What are CFRs?What is a Post-Mortem?What is Scrum?What are the key ceremonies of Scrum?

Dare to Fail

“Output will tend to be greater,” Grove wrote, “when everybody strives for a level of achievement beyond [their] immediate grasp… Such goal-setting is extremely important if what you want is peak performance from yourself and your subordinates.” While certain operational objectives must be met in full, aspirational OKRs should be uncomfortable and possible but not unattainable.
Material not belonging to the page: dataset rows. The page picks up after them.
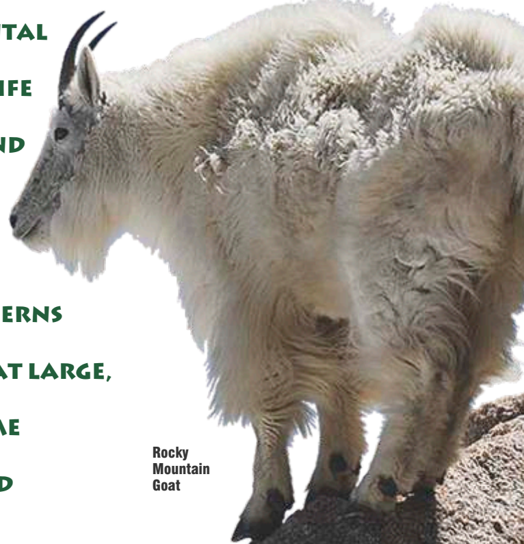
Rocky Mountain Goat

This year, we had one boating fatality on Nevada’s waters, a tragic loss of life, but one of the smallest numbers of fatal
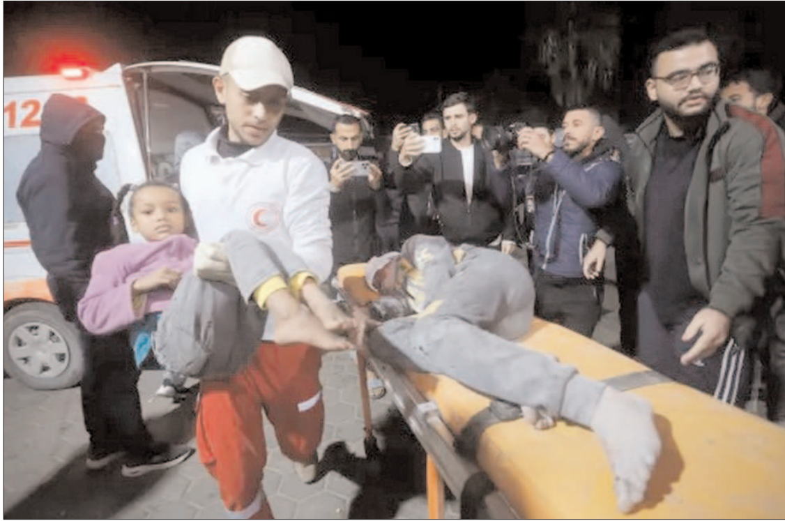
GAZA: Injured Palestinians, including children, are brought to Al-Aqsa Martyrs Hospital for medical treatment after Israel attacked a residential building in Deir el-Balah.

He also mentioned major reforms introduced in the Sehat Card program, which have significantly expanded free treatment coverage. These reforms and better monitoring have enabled the provincial government to save one billion rupees monthly. Steps are being taken to bring all public hospitals on Sehat Card panel, ensure free emergency medicines, and include liver and kidney transplants in the Sehat Card scheme. Additionally, at least two cardiac satellite centers would be established in every region of the province.
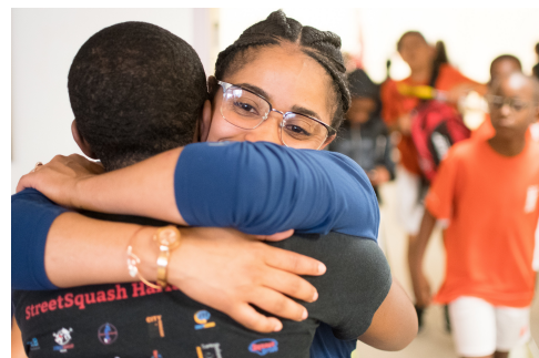
Students and staff at Urban Individual Nationals at Williams College and Amherst College in June.
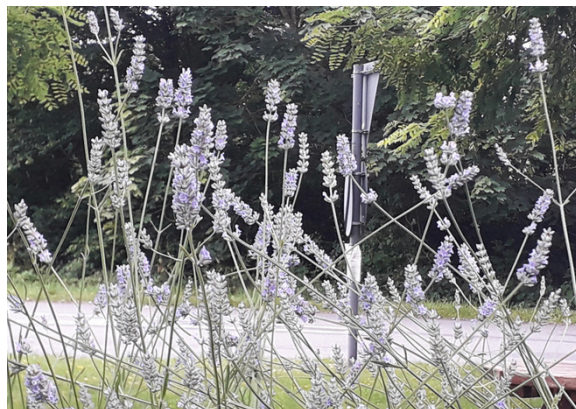
Lavender at The Blue Boar Inn
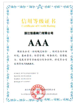
AAA Grade Credit Rating Certificate AAA级信用等级证书
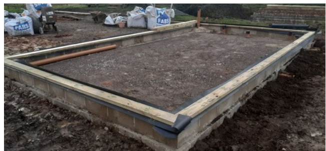
Carpenters Workshop: floor compacted and sole plate fitted

Further work has been carried out removing bricks from the East wall of the entrance to Top Lock.
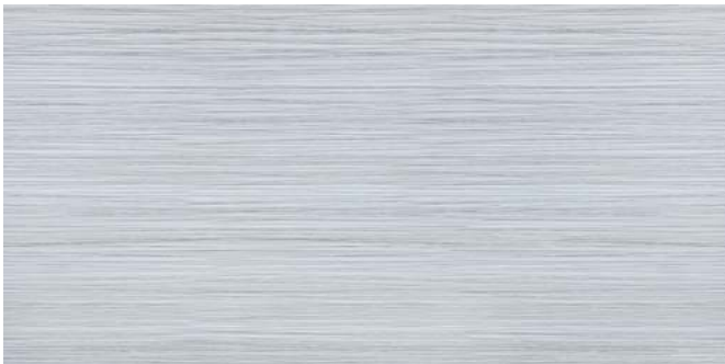
12" x 24" ZERA ANNEX SILVER RECTIFIED PORCELAIN TILE 69-159
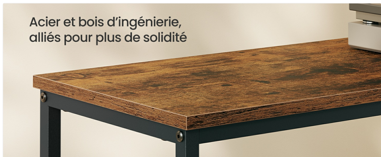
Figure 9: Material Combination. The dresser is constructed from durable steel and engineered wood.
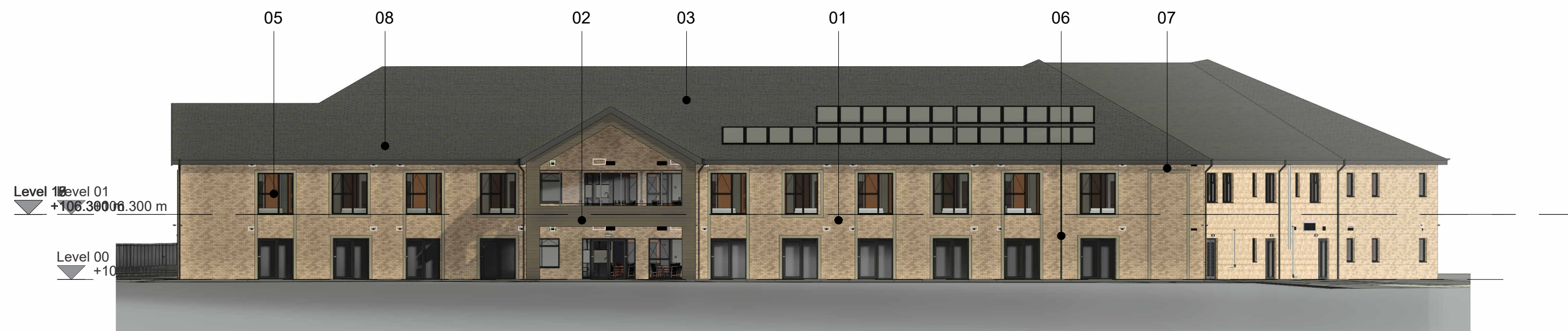
Elevation C-C (East)

“Stretched goals” as grove called them, push organizations to new heights.

A Tool not a Weapon

The OKR system, Grove wrote, “is meant to pace a person – to put a stopwatch in his own hand so he can gauge his own performance. It is not a legal document upon which to base a performance review.” To encourage risk taking and prevent sandbagging, OKRs and bonuses are best kept separate.

Be Patient, Be Resolute

Every process requires trial and error. As Grove told his iOPEC students, Intel “stumbled a lot of times” after adopting OKRs: “We didn’t fully understand the principal purpose of it. And we are kind of doing better with it as time goes on.” An organization may need up to four or five quarterly cycles to fully embrace the system, and even more than that to build mature goal muscle.